WORK INSTRUCTIONS – Within the records that follow, find every line containing the string "from". Copy those lines.

EXTRACTED INFORMATION –
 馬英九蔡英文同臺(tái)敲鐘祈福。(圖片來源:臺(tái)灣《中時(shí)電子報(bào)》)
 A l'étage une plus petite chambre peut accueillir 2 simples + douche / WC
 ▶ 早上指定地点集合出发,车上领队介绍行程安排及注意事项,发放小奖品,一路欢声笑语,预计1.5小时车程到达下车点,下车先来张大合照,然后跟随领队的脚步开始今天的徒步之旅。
---
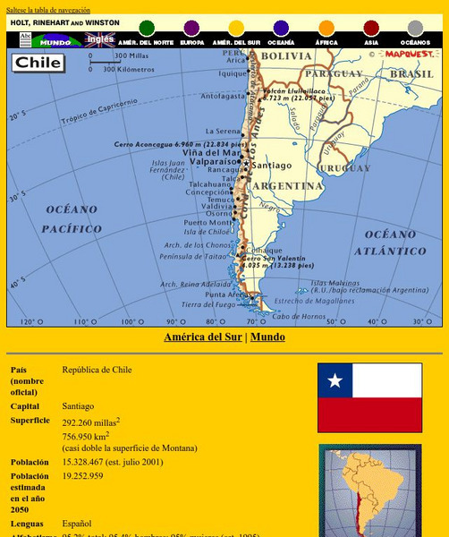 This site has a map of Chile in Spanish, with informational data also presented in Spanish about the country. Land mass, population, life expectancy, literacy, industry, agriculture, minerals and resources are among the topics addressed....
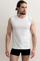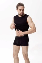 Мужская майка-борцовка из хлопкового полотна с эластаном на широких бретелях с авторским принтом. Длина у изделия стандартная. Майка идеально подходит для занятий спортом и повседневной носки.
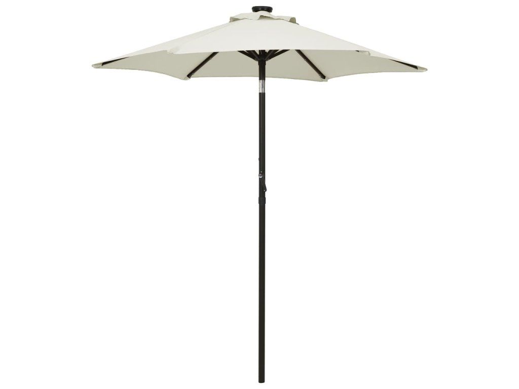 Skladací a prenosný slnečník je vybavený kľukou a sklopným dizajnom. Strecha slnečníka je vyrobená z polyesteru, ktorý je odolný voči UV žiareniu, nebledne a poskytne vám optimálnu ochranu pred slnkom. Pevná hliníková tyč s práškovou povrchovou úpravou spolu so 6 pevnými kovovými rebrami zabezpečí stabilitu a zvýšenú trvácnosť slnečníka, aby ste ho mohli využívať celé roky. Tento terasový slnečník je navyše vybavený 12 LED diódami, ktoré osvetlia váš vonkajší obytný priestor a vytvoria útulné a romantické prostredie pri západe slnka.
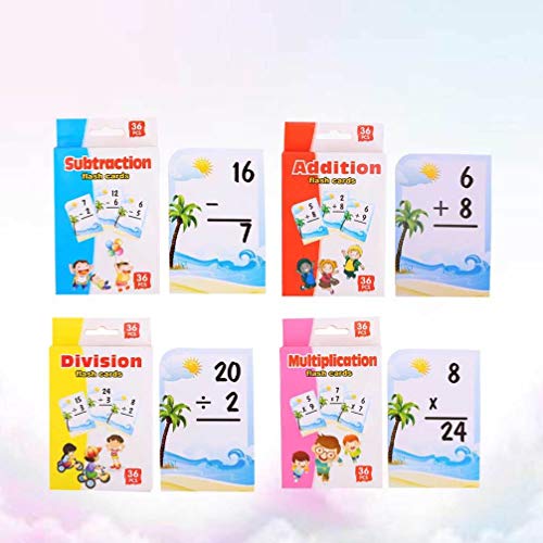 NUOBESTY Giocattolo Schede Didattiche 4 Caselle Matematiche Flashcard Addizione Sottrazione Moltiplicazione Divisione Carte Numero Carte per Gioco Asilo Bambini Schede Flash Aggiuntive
==
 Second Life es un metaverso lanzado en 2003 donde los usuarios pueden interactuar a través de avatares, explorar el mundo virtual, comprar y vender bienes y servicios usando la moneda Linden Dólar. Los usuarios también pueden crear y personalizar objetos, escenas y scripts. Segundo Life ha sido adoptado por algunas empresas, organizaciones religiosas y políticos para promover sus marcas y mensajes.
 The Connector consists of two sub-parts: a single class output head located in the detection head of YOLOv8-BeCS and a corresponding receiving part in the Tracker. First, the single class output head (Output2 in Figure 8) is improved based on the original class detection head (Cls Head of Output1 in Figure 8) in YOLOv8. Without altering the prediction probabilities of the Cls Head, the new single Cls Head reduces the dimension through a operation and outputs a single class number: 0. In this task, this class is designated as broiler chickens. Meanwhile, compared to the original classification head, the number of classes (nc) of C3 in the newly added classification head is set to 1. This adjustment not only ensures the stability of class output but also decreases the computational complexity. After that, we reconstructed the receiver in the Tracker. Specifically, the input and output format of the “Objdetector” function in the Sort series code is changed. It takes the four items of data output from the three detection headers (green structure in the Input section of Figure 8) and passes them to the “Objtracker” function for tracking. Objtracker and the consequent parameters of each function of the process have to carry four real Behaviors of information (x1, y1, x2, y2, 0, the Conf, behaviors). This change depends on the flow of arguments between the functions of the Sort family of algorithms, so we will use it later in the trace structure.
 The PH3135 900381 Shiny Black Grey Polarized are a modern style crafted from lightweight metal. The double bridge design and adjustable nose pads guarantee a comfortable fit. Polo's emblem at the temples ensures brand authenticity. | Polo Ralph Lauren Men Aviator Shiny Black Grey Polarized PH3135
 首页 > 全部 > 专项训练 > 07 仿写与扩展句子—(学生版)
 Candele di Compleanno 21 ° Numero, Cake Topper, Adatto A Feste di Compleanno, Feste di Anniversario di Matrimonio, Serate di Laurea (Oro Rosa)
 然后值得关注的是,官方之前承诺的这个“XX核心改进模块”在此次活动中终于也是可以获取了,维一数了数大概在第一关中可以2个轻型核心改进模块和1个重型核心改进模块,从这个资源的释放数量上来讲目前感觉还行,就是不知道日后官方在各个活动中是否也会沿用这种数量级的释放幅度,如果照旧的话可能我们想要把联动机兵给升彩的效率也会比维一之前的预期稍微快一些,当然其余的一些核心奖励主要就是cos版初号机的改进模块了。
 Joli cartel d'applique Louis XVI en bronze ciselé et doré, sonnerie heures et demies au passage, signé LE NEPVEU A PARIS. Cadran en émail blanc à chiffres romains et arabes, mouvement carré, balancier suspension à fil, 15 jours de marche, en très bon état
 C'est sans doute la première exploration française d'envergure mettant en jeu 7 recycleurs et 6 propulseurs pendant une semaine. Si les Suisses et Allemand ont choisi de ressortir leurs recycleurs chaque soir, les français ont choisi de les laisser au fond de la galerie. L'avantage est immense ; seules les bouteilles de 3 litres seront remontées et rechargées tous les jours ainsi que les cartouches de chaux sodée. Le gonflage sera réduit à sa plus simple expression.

RESULT –
 The Connector consists of two sub-parts: a single class output head located in the detection head of YOLOv8-BeCS and a corresponding receiving part in the Tracker. First, the single class output head (Output2 in Figure 8) is improved based on the original class detection head (Cls Head of Output1 in Figure 8) in YOLOv8. Without altering the prediction probabilities of the Cls Head, the new single Cls Head reduces the dimension through a operation and outputs a single class number: 0. In this task, this class is designated as broiler chickens. Meanwhile, compared to the original classification head, the number of classes (nc) of C3 in the newly added classification head is set to 1. This adjustment not only ensures the stability of class output but also decreases the computational complexity. After that, we reconstructed the receiver in the Tracker. Specifically, the input and output format of the “Objdetector” function in the Sort series code is changed. It takes the four items of data output from the three detection headers (green structure in the Input section of Figure 8) and passes them to the “Objtracker” function for tracking. Objtracker and the consequent parameters of each function of the process have to carry four real Behaviors of information (x1, y1, x2, y2, 0, the Conf, behaviors). This change depends on the flow of arguments between the functions of the Sort family of algorithms, so we will use it later in the trace structure.
 The PH3135 900381 Shiny Black Grey Polarized are a modern style crafted from lightweight metal. The double bridge design and adjustable nose pads guarantee a comfortable fit. Polo's emblem at the temples ensures brand authenticity. | Polo Ralph Lauren Men Aviator Shiny Black Grey Polarized PH3135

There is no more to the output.